The MoE Routing We Actually Shipped
Mixture-of-experts routing has a literature problem. A lot of recent papers describe routers that are elegant at batch size 1024 and broken at batch size 1, and a lot of production writeups bury which variant they actually serve behind. For the MegaCpp SLM ensemble, we had to pick one router, debug it under load, and keep it stable across training, eval, and autoregressive inference on a code model that sees long, boilerplate-heavy C++ tokens. This is the routing we shipped, the variants we ran against it, and the null-expert work that gave us real compute savings without breaking causality.
Token Choice vs Expert Choice, For Real
Every production MoE model we checked ships Token Choice. DeepSeek V3 and R1, Kimi K2, Qwen 3 and 3.5, Nemotron v3 Nano, MiniMax M1 and 2.5, Mixtral 8x7B and 8x22B, DBRX, Grok-1, Snowflake Arctic, OLMoE, Switch Transformer, GShard. The scoring function differs (sigmoid in newer models, softmax in older ones), the expert count ranges from 8 to 384, the top-k ranges from 1 to 8, the load-balance story differs across aux-loss, aux-free bias, and hierarchical group routing. What is common is the direction of selection: each token picks its top-k experts, not the other way around.
Expert Choice is the plausible alternative in training. Each expert picks its top-C tokens from the batch; load balance is perfect by construction; XLA is happy because C is static. It is also broken at autoregressive inference: with batch size 1 and sequence length 1, each expert's "top-C from the batch" is "top-C from a single token," which collapses to zero or one token per expert, and the train-inference mismatch is the whole ball game.

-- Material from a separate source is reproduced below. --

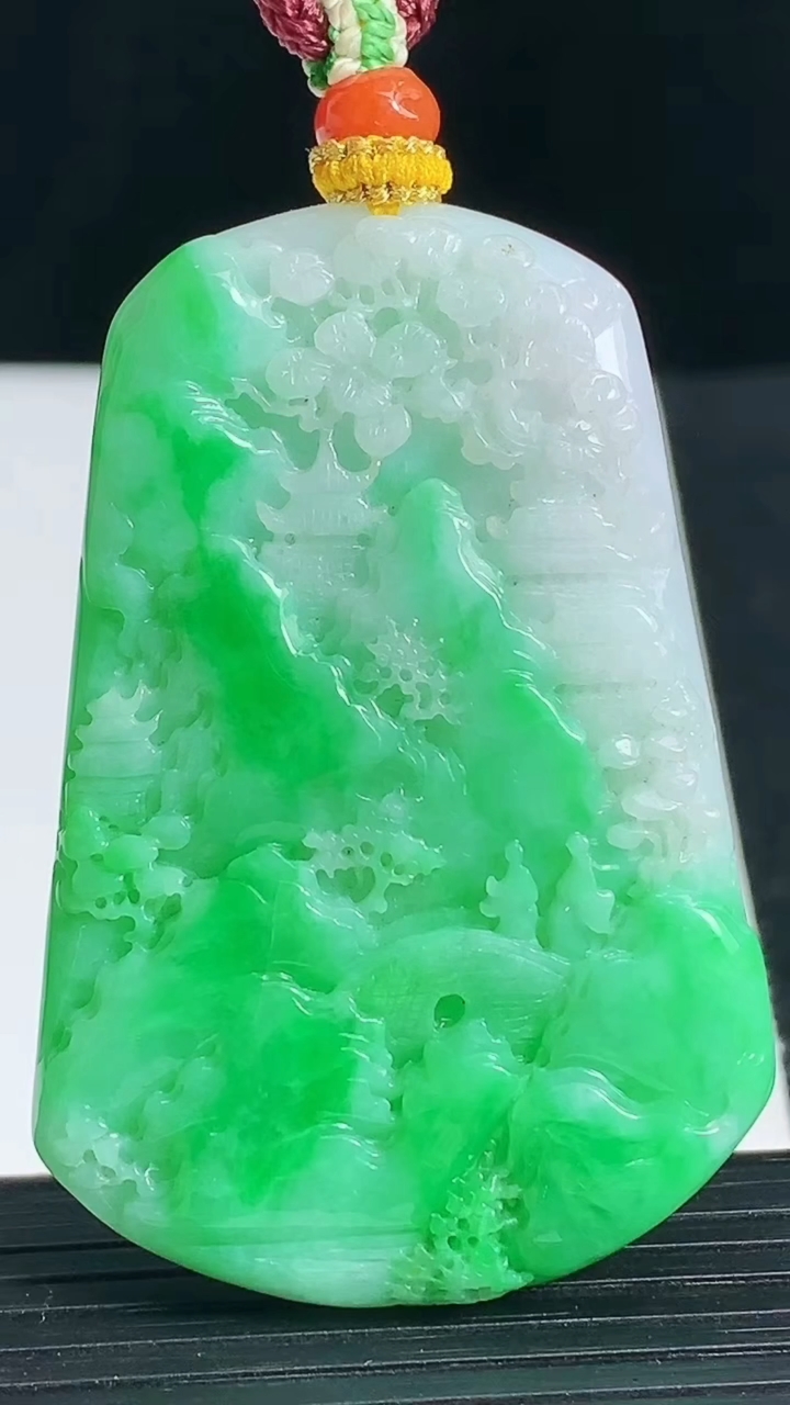 【翡翠名称】老坑种冰绿飘花大如意吊坠挂件 【翡翠尺寸】48/36.4/5mm 【翡翠描述】宝贝种老水

OLMoE's ablation went in the same direction as the production tally: Token Choice wins on quality when you measure the serving distribution, not just training throughput.
We started in Expert Choice on an earlier NAM-24 3B research run because it was convenient. It is no longer convenient. The ensemble ships Token Choice.
Our Baseline Router
The shipped configuration for our 4B-8B specialists, per expert layer, sits close to the DeepSeek V3 / Kimi K2 family shape:
- 64 routed experts, 1 shared expert.
- Top-k = 6, selected per token.
- Sigmoid scoring (independent per-expert logits, no zero-sum softmax competition).
- Aux-free bias correction in the spirit of DeepSeek V3's
noaux_tc: a per-expert bias is added to the router's selection score and dynamically pushed toward uniform load, but the bias does not enter the gating weights applied to expert outputs. - One always-on shared SwiGLU expert, outside the routing pool, so every token gets a baseline compute path regardless of where the router sends it.
- Routed scaling factor ~2.5, to keep the dynamic range of routed outputs comparable to the shared expert after top-k summation.
Three routing modes exist in the code (soft, expert_choice,
token_choice). Only token_choice is live in the shipped presets.
soft is the default softmax Token Choice path we keep for comparability
and for regression tests. expert_choice stays as a research-only option
for training-only ablations; our serving configs reject it explicitly.
Why Sigmoid, Not Softmax
Softmax scoring is the older default and forces experts to compete for
a normalized probability mass per token. That sounds like a feature and
is usually a subtle bug for code: two experts that are both genuinely
well-suited to the same #include line end up dragging each other's
scores down, which makes the router more brittle to small routing noise
and more aggressive about concentrating tokens on a single winner.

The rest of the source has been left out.